Whoever was watching the TV wasn’t watching anything good, wherever I was. They were probably watching me. And the first thing I had to do was figure out if I was still strapped down without making it obvious that I was awake.

I decided to do it like there were five brain surgeons watching me. I twitched a little. Gave them a little tremor with my hands there. They could pass that off as a nightmare. They could say He’s having a nightmare, man. Look at his REM.

I didn’t feel any straps.

Lying there like that, trying to fool them if they were there, it reminded me of the second week at Parris Island, and what one guy did to get out of it. He just didn’t get up one morning. He just stayed in his rack with his eyes closed and didn’t respond when they turned the lights on
and started throwing the shitcans around and slobbering like a bunch of mad dogs. He just laid there. On the top rack. He didn’t move a muscle when the drill instructor walked over to him and put his mouth right next to his ear and said Well, loved one. Did you not get enough rest last night? Nobody else said anything. We never said anything where they could hear it. We heard every word he said.

We wish you’d get up with us and go eat some breakfast.

We can just go on ahead and let you arrive at your convenience.

Or should we just send you a tray and let you dine in bed?

Would that be all right with you, loved one?

What did that guy feel when he was lying there that morning, with the lights on bright, with that DI talking in his ear, with his eyes locked shut, and the whole platoon listening? Knowing they were going to take him away, and that he’d never see any of us again?

There weren’t any straps on my hands. I swelled my chest as much as I could. No bullshit bullhide on it either.

I don’t know what he felt. But he stayed locked like that until two corpsmen came and lifted him out of the rack like a board and put him on a stretcher and strapped him down and wheeled him out the door. He never once moved or opened his eyes. We never saw him again. They probably sent him home with a dishonorable discharge. But that was a long time ago. Damn near twenty years. A man could overcome something like that in twenty years.

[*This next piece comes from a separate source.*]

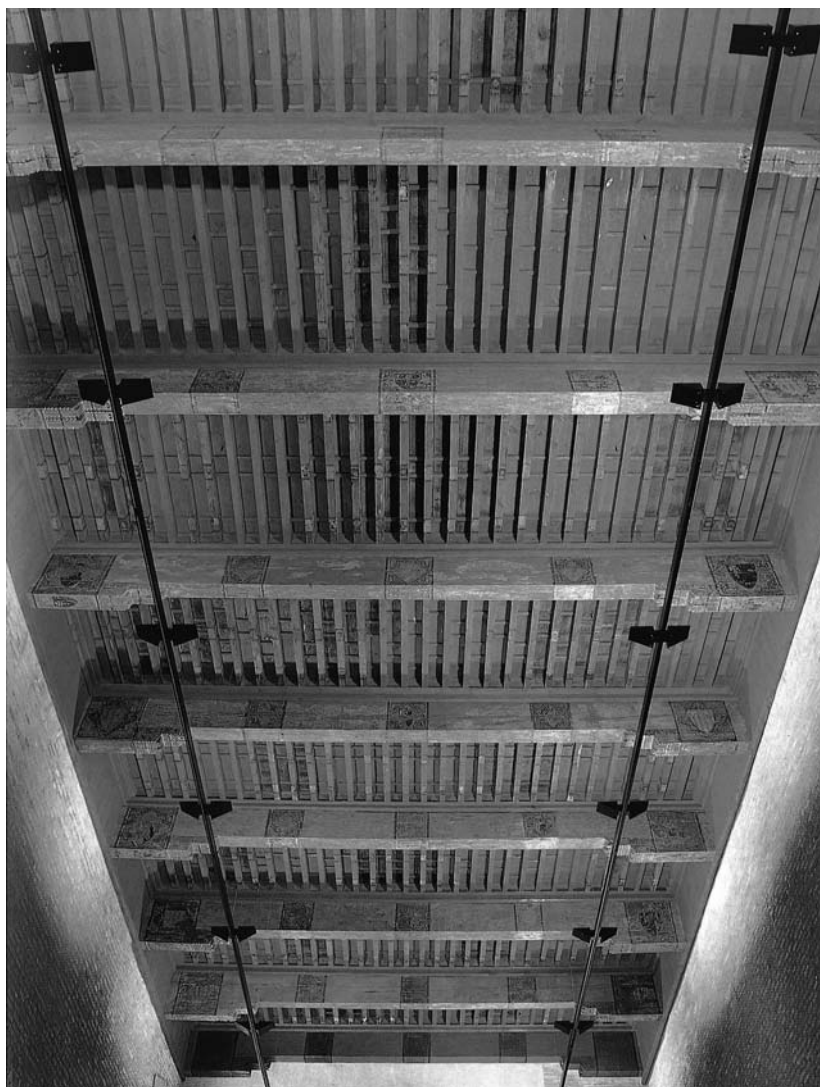
7. Techumbre del salón de Recepción.

El 7 de febrero Pedro IV encarga al baile general de Cataluña, Pedro Ça-Costa, el envío de doce columnas con sus basas y capiteles para doce ventanas de las habitaciones reales de la Aljafería.

Maybe that guy was smarter than me. But I don’t like to think about smart along with honor and duty and all that shit, so I quit. You either serve or you don’t. I was pretty sure I wasn’t strapped down. But I wasn’t ready to open my eyes. I wanted to keep them closed and think about Beth. What I wanted was to hear her come to my bed and feel her put her hands on me.

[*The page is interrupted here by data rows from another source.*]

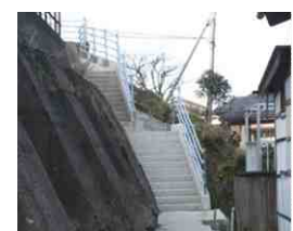
避難場所に向かう避難通路(階段)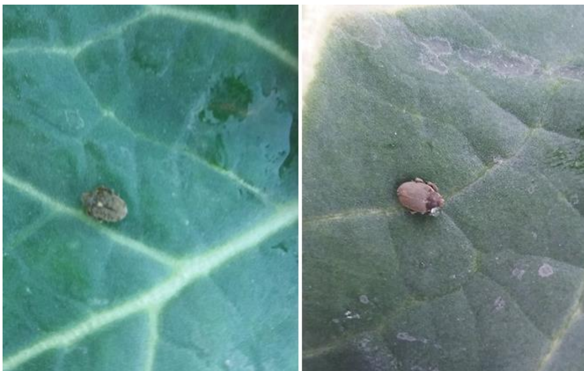
SLIKA 5. MALA I VELIKA REPIČINA PIPA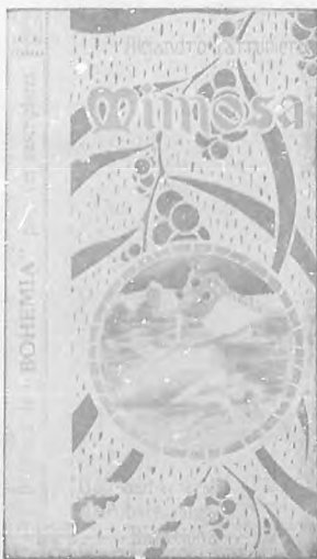
Fascimil de la novela "Mimosa" que regala "Bohemia" a sus abonados en el presente mes de octubre.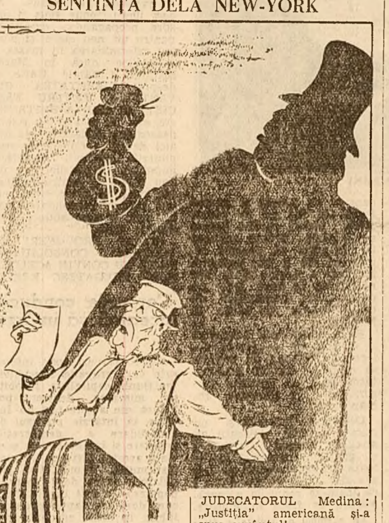
JUDECĂTORUL Medina: „Justiția” americană și-a spus cuvântul! Desen de Eug. Taru

But they couldn’t talk to me and tell me what had happened if I was asleep. So I opened my eyes. That was my first mistake.

K
nowed he wasn’t asleep. Seen his hands twitch. He was laying there listening to everything, trying to figure out where he was. This was the dude that had fucked up them guys down on the third floor the night before. Diva’d done told me about that. And he was big enough to. I started to say something to him then. But I wanted to see how long he’d wait. Wanted to see how much patience he had. Wanted to see how smart he was. Made me grin, just looking at him. Didn’t even want to go nowhere then. Had something to entertain me then, instead of that television they leave on all day and night, talking about they detergent and
douche
bags and I don’t
know what all else. Damn old Rex now, he been eating this here dog food for twenty-seven years, he done lost all his teeth and having to gum it, but that’s a hundred and ninety-two for you and me. Shit. Make me sick hearing all that old crap. Try to sell you anything, night and day. If they ain’t wiping some baby’s ass, they cleaning out they commodes or waxing floors or trying to sell you a new TV so you can watch some more of they shit. Want you to buy a Slim Whitman album. Why don’t they sell the Temptations, or Jackie Wilson? Hell, why don’t they sell some Otis Redding?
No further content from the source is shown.